Programming for large-scale computing requires programming models carefully designed for that purpose. MPI is often the model of choice for distributed systems, but writing MPI program is time-consuming and complicated to maintain and debug as the program size gets larger. Moreover, MPI does not exploit some of the potential benefits of shared memory systems. Using a hybrid model also requires a high level of programmer expertise. Designing algorithms in terms of tasks potentially reduces the development effort and has many performance-related advantages. In addition, directive-based programming styles have made parallel programming and migration of serial code to multicore chips easier than ever. Although directive-based tasking models have paved the way to distributed systems, they still lack capabilities necessary for efficient large-scale computing.
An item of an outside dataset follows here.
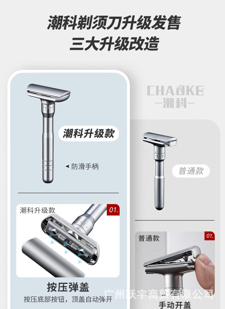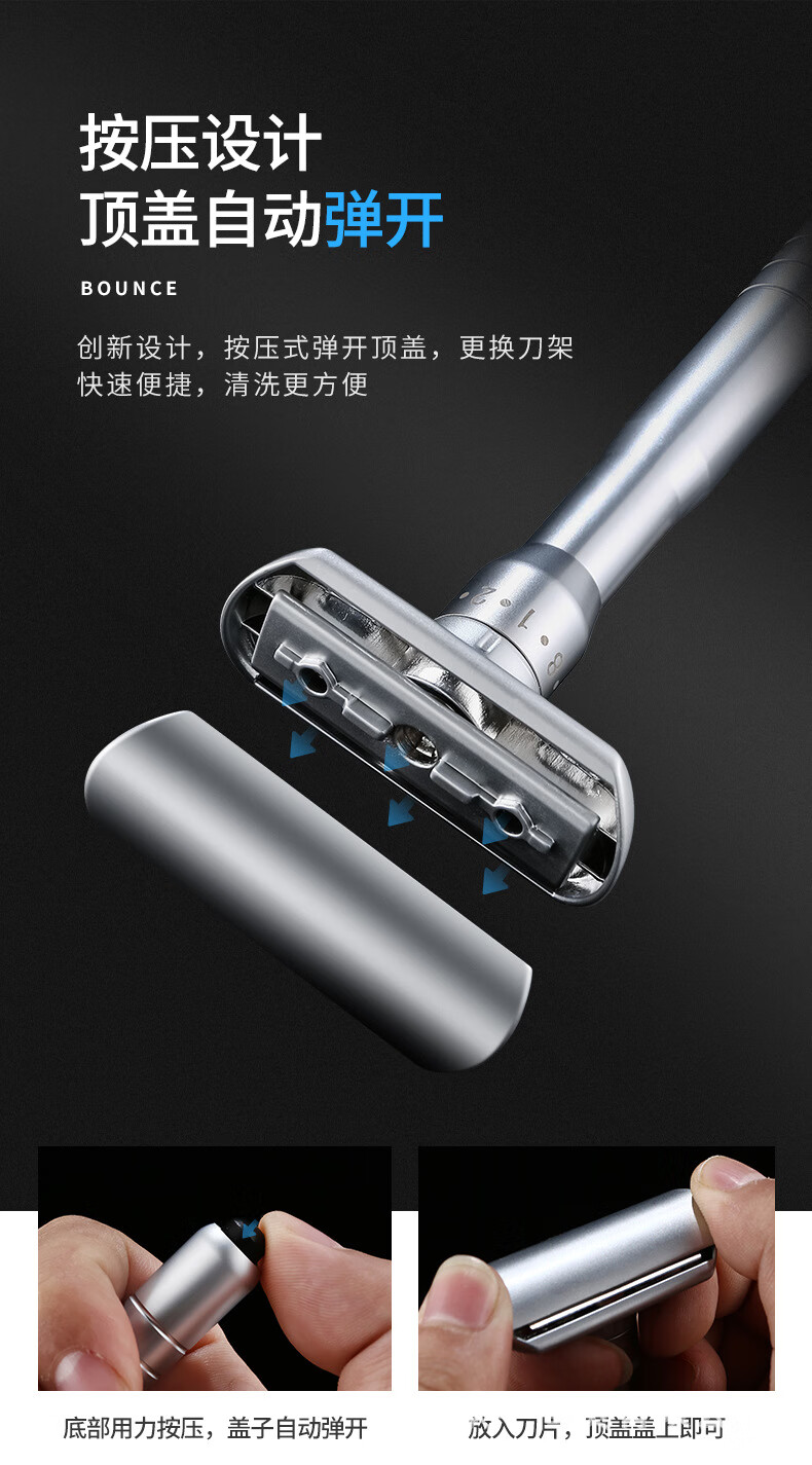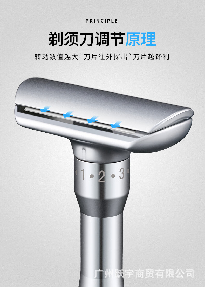 【优选好物】剃须刀手动刮胡刀男士升级版可调锋利度老式剃头胡须 银色剃须刀+收储盒+1盒刀片(5片

TagHit is an API proposed by the HPCTools group in the Department of Computer Science at the University of Houston. Targeted for exascale computing, TagHit combines the benefits of task-based programming models with the simplicity of directive-based programming styles. This thesis tackles task creation and scheduling in TagHit. First, I present an overview of six existing task-based programming models. Next, I propose an experimental runtime design of TagHit's task creation and scheduling modules and then describe in detail a prototype implementation of the runtime. The goal of this work is to guide the definition of TagHit's concept and semantics and to assess the implementation cost and challenges of creating and scheduling tasks in TagHit. Finally, I present two TagHit benchmarks with results that show the design and implementation have supported the general concept of TagHit with good speedup and scheduling behavior.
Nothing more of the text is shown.